Unnerved, she hurried on. When her sense of the Warren told her she’d found the place of her entrance she reached out once more to step through.

And she entered a maelstrom of noise and smoke and screaming. Malazan dead carpeted the tidal interzone of algae-skirted rocks and pools. Troopers hunched for cover among those rocks. Arrows and crossbow bolts whipped past her and she quickly raised a shield from Ruse to deflect them. Launches and jolly boats choked the shore, abandoned or half sunk.

What was going on? Why were they still here?

Furious, she slogged over to the nearest crowd of soldiers. ‘What are you doing!’ she demanded.

The troopers gaped at her. One, a sergeant by his armband, offered a hasty salute. ‘Beggin’ yer pardon, High Mage, ma’am. It’s them shoreward cliffs. Their archers beat back every charge.’

She studied the cliffs: some three fathoms of loamy soil, no handholds, no gaps. ‘Very well. Looks like you can use some help.’

The sergeant nudged the troopers near him. ‘Yes, ma’am. An even exchange, every time.’

‘Prepare yourselves…’

Ruse called to her. It practically sang. Yes, yes, she answered. So be it. She extended her arms to reach out over as wide a front as possible. Come. Rush through. Rise. She tugged the waters behind her, urging them into a swelling, a great roll or front that came surging upward. She sensed the enormous Blue dromonds and men-of-war anchored behind in the bay as tiny toys bouncing far above her consciousness. And she pushed.

Yells of alarm rang out around her but she did not turn.

An immensity now leaning forward behind her, rising inexorably. The weight was impossible, but she allowed it to flow through her, onward, promising release just ahead. A wave took her from behind, climbed her body and kept mounting ever higher. She sensed the launches and jolly boats surging overhead, men and women momentarily suspended, counter-balanced in their weight, kicked forward.

The surge struck the cliff like a tidal bore and was pushed upward, bulging, rising. It washed over the lip, taking with it everyone along this stretch of the landing, to burst outward in a great release of pressure, washing onwards, diminishing.

The surge sank around her, leaving her sodden, exhausted, and she slouched on to a rock. Water rushed round her knees, charging back to the sea, dragging the loamy soil with it, and peering up she saw the cliff eroded into draws that ran now like small waterfalls. A huge launch, some two fathoms in length itself, tottered on the lip of the cliff before sliding backwards, empty.

Troopers of the Fourth and Eighth splashed in from either side, charging, cheering, urging one another on.

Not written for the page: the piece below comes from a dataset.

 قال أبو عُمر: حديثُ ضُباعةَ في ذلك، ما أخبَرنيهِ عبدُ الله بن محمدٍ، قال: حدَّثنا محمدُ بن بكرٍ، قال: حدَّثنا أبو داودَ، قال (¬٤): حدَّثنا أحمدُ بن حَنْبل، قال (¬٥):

The charge thickened into a constant stream of soldiers as the entire landing converged on this gap to claw themselves up the slope. When next she raised her head for a look, a guard of troopers had her covered in a barrier of overlapping shields. She rubbed at a sticky wetness over her mouth and her hand came away clotted in blood. Nosebleed — of course.

Some time later the self-appointed honour-guard straightened, saluting, and, after bowing to her, jogged off. Devaleth turned to see the Blue Admiral, Swirl. The Moranth draped a blanket over her shoulders.

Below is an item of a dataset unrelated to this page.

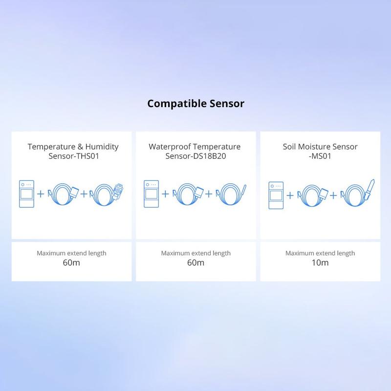 - Funktioniert mit Sonoff RJ11-Sensoren wie THS01 und DS18B20 mit RJ11-Buchse

‘High Mage,’ he began, wonder in his voice, ‘I am amazed. Had I known — we would have merely stood aside to let you clear the way.’

She shook her head. ‘That wasn’t me. I just tapped something abiding within Ruse. Something so immense the mere possibility of it allowed this.’

The Blue Admiral tilted his helm. ‘I confess I do not understand. Does this bear on the High Fist’s last orders?’

‘What were they?’

‘Fist Shul is to strike inland, take high ground. The fleet is to withdraw from the coast.’

She jumped up, tottering, clutching the blanket. ‘Yes! That is it. We must withdraw to the centre of the Narrows. Shul will take the troops. He, all of us, we have until tomorrow.’

The Admiral bowed. ‘We will complete the unloading as soon as possible, then. Will you not return to the flagship?’

She nodded her relief. Gods, yes. I can feel her pushing against me. Raging. Full of hate and poison. Best to get away as soon as possible.

She took a step and would have collapsed but for the Admiral’s catching at her arm. Dizzy, she thanked him. He waved guards to him, ordered them to return her to the flagship. Despite her distaste for displaying weakness, she allowed them to walk her to the nearest boat.